─── DATASET SECTION ───

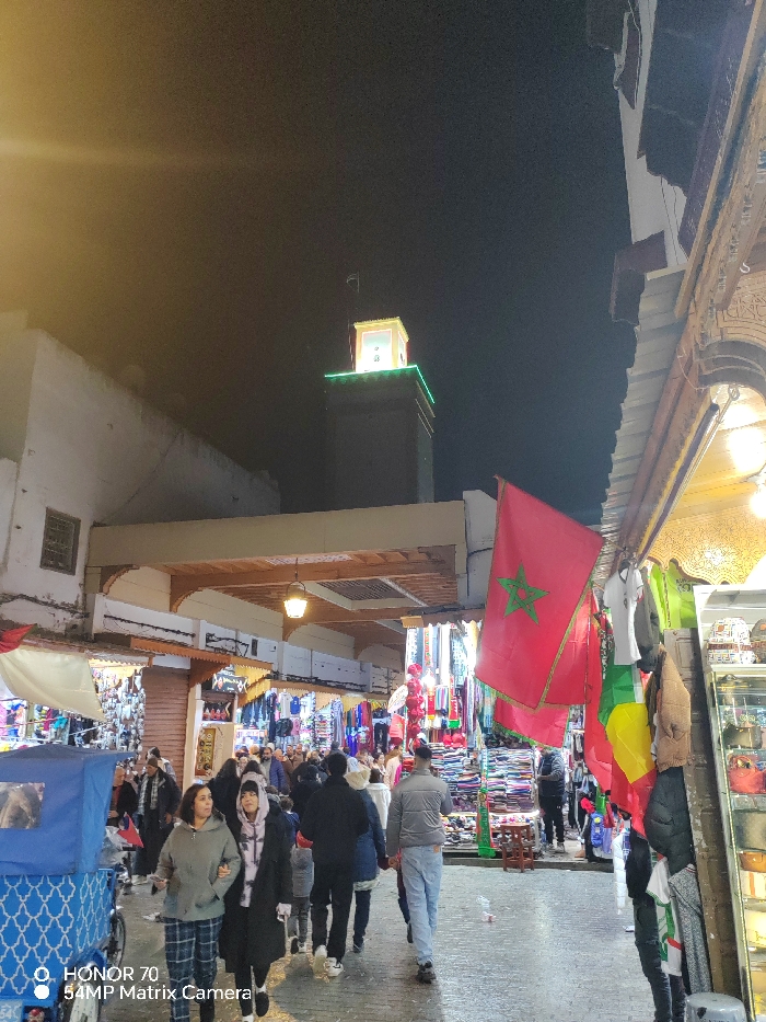 A bustling marketplace at night, filled with people browsing various goods. Moroccan flags are visible, adding to the cultural atmosphere. A clock tower stands tall above the surrounding buildings, illuminated against the dark sky. Shops are open with bright lights.
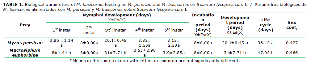 Regardless of the prey supplied, the predator egg incubation period on tomato plants was eight days. Similarly, the predator post-embryonic development included five nymphal stages feeding on each prey, each stage with a maximum duration of eight days. However, when M. persicae was supplied as a prey, an extra day was added to predator´s fifth nymphal stage. Nevertheless, when M. euphorbiae was supplied as a prey, the predator´s first nymphal stage reached eight days, consequently resulting in a longer nymphal development. With both preys, the stadiums of interest (fourth and fifth) were achieved in three days. The development and life cycles of the predator showed significant differences with both preys, being longer when M. euphorbiae was the prey. In both cases, the life cycle duration was longer than one month. Therefore, considering this time and depending on the prey consumed, several annual predator generations per year can be possible, ranging from ten (on M. persicae) to seven (on M. euphorbiae). (Table 1)
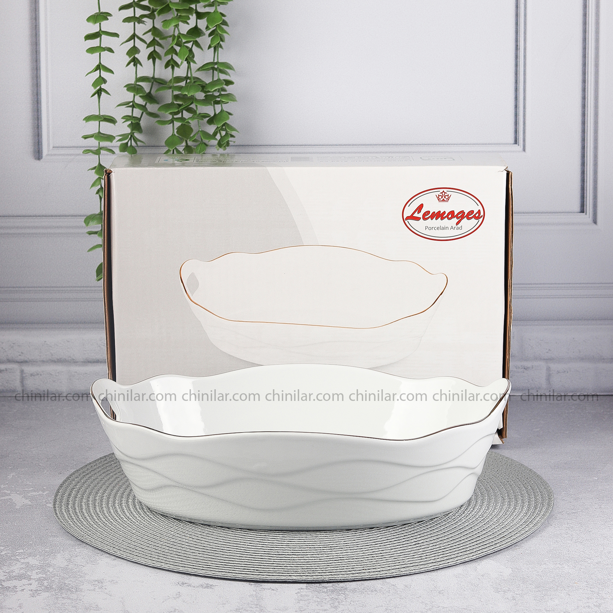 این محصول از طریق فروشگاه اینترنتی چینیلر ارائه میشود و با سایر ظروف طلادور قالب سزار قابل ست شدن است. فرم بیضی کاربردی، حجم بالا و تزئینات طلایی کلاسیک، آن را به یکی از انتخابهای ممتاز برای چیدمان رسمی و پذیرایی مجلل تبدیل کرده است.

───

WHAT TO PRODUCE:
Write the full listing out again with every line unchanged, but include no pictures.

RESULT FOR THIS EXERCISE:
 A bustling marketplace at night, filled with people browsing various goods. Moroccan flags are visible, adding to the cultural atmosphere. A clock tower stands tall above the surrounding buildings, illuminated against the dark sky. Shops are open with bright lights.
 Regardless of the prey supplied, the predator egg incubation period on tomato plants was eight days. Similarly, the predator post-embryonic development included five nymphal stages feeding on each prey, each stage with a maximum duration of eight days. However, when M. persicae was supplied as a prey, an extra day was added to predator´s fifth nymphal stage. Nevertheless, when M. euphorbiae was supplied as a prey, the predator´s first nymphal stage reached eight days, consequently resulting in a longer nymphal development. With both preys, the stadiums of interest (fourth and fifth) were achieved in three days. The development and life cycles of the predator showed significant differences with both preys, being longer when M. euphorbiae was the prey. In both cases, the life cycle duration was longer than one month. Therefore, considering this time and depending on the prey consumed, several annual predator generations per year can be possible, ranging from ten (on M. persicae) to seven (on M. euphorbiae). (Table 1)
 این محصول از طریق فروشگاه اینترنتی چینیلر ارائه میشود و با سایر ظروف طلادور قالب سزار قابل ست شدن است. فرم بیضی کاربردی، حجم بالا و تزئینات طلایی کلاسیک، آن را به یکی از انتخابهای ممتاز برای چیدمان رسمی و پذیرایی مجلل تبدیل کرده است.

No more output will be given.